====== SUPPLIED DATA

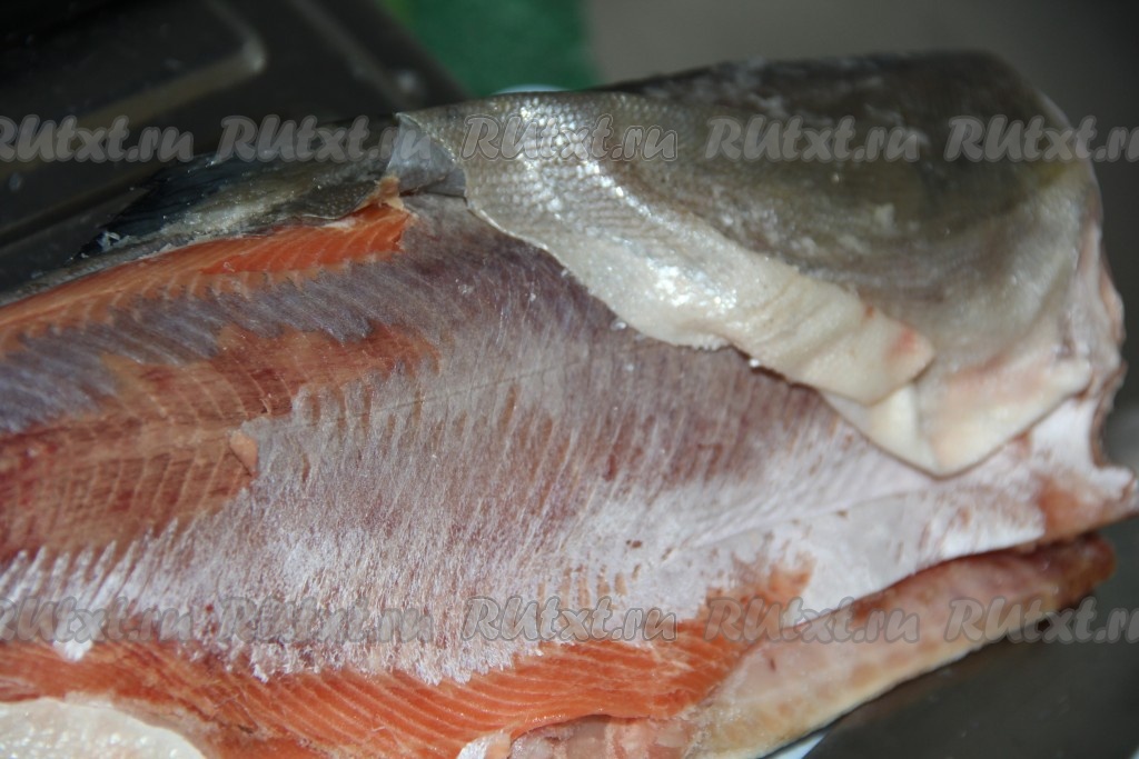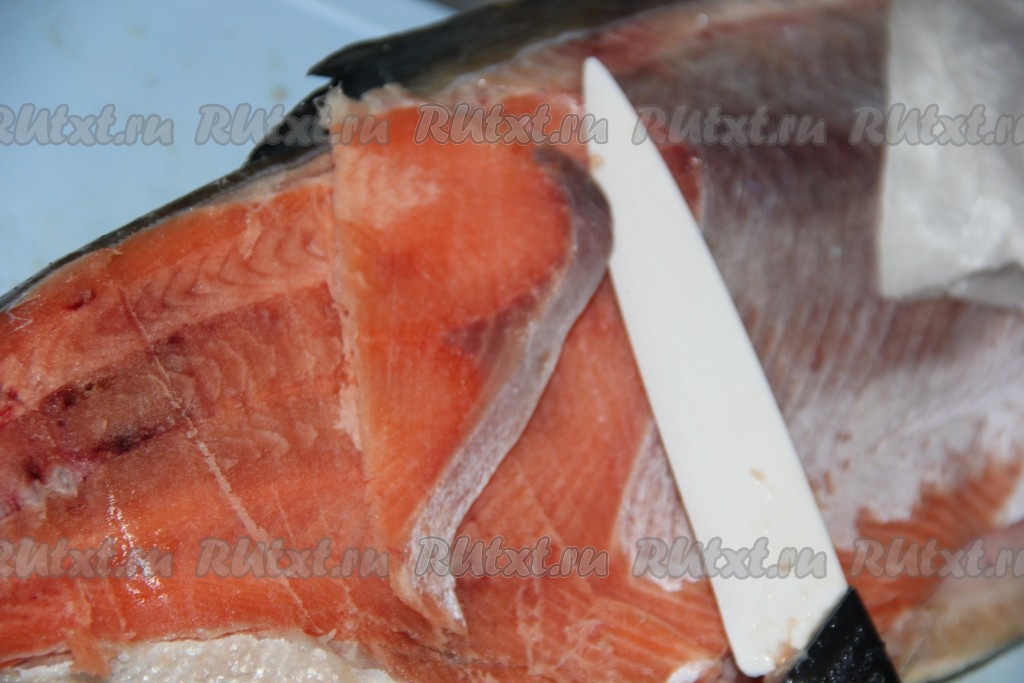Отрезать голову и хвост горбуши. Снять шкурку. Если рыба не полностью разморожена, то шкурка снимается ровно (чулком).
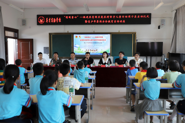 为响应团省委关于整合社会资源,通过“高校团委+县团委”模式结合高校学子暑期社会实践活动,关心关注农村留守儿童的号召。7月22日,由共青团开云网页版委员会和共青团周宁县委联合主办的“情暖童心”——共青团开云网页版委员会关爱农村留守儿童行动启动仪式在周宁县英才实验学校举行。周宁县团委书记陈兆江、周宁县英才实验小学校长宋财金、校团委直属分团委副书记宋婉忻及我校教师、学生志愿者等出席启动仪式。
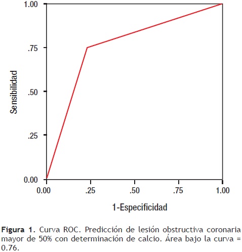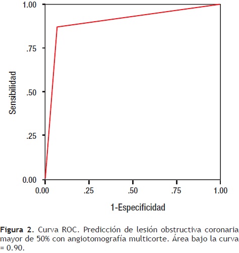 La presencia de CC > 400 UA para predecir lesiones obstructivas coronarias en estos enfermos mostró sensibilidad de 37.5%, especificidad de 98.2%, VPP de 75%, VPN de 91.6% y exactitud de 90.6%, mientras la determinación de lesiones obstructivas coronarias con TCMC, tuvo sensibilidad de 87.5%, especificidad de 92.8%, VPP de 63.6%, VPN de 98.1% y exactitud de 92.5%. Las Figuras 1 y 2 muestran el análisis ROC, en donde el área bajo la curva de presencia de CC >400 UA fue de 0.76 y de la TCMC de 0.90.
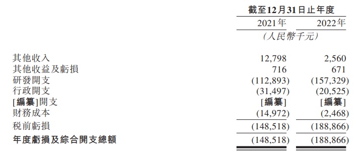 财务方面,于2021年及2022年,该公司实现其他收入分别约1279.8万元(人民币,下同)及256万元,录得亏损及综合开支总额人民币约1.49亿元及人民币1.89亿元。
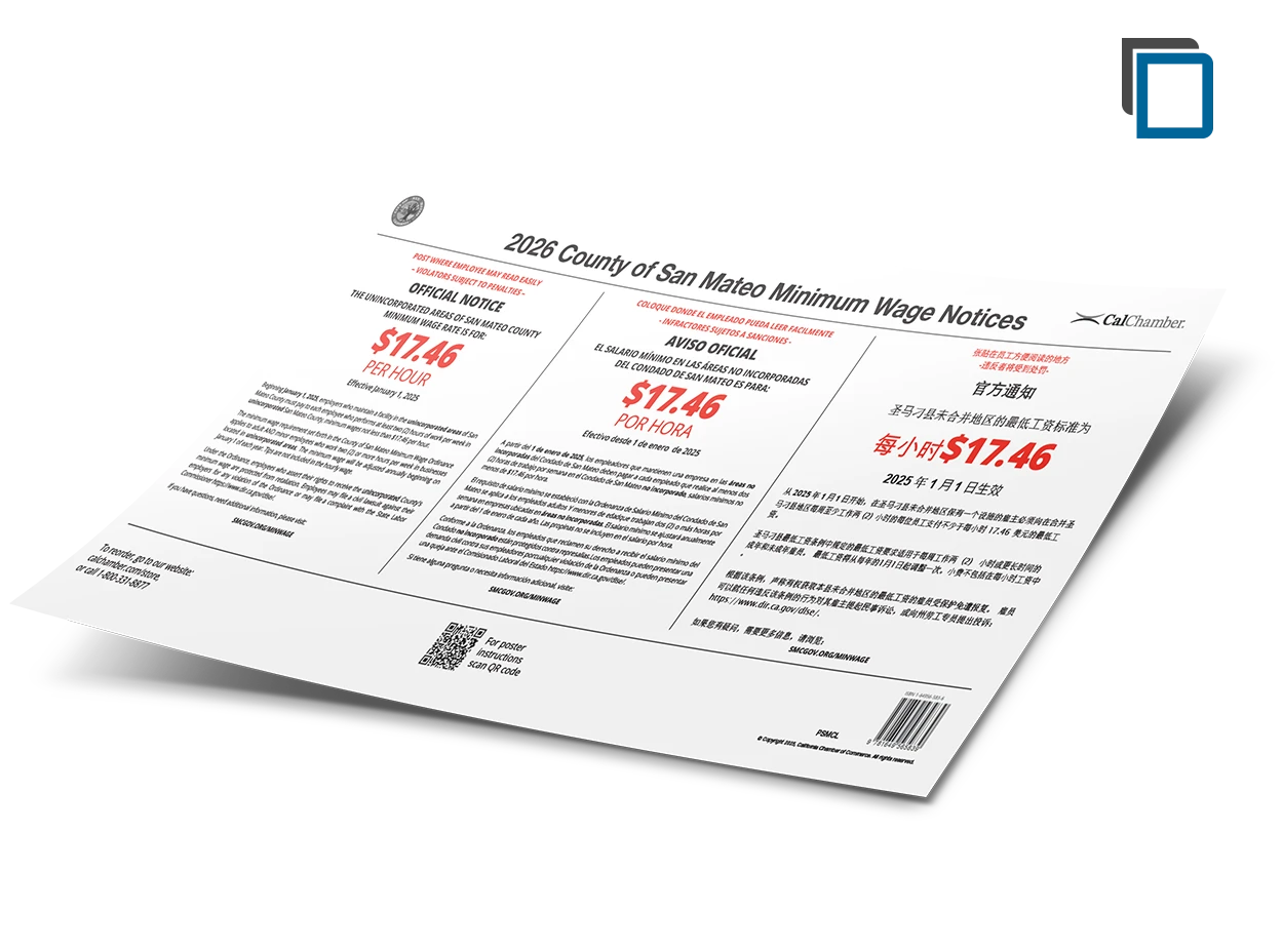 CalChamber’s 23.5" x 11" County of San Mateo Minimum Wage Poster (English/Spanish/Simplified Chinese combined) contains the official Minimum Wage Notice.

============

Every line from the one containing "财务方面,于2021年及20" through the end of the entries above, both included, should be extracted exactly, with pictures left out.

 财务方面,于2021年及2022年,该公司实现其他收入分别约1279.8万元(人民币,下同)及256万元,录得亏损及综合开支总额人民币约1.49亿元及人民币1.89亿元。
 CalChamber’s 23.5" x 11" County of San Mateo Minimum Wage Poster (English/Spanish/Simplified Chinese combined) contains the official Minimum Wage Notice.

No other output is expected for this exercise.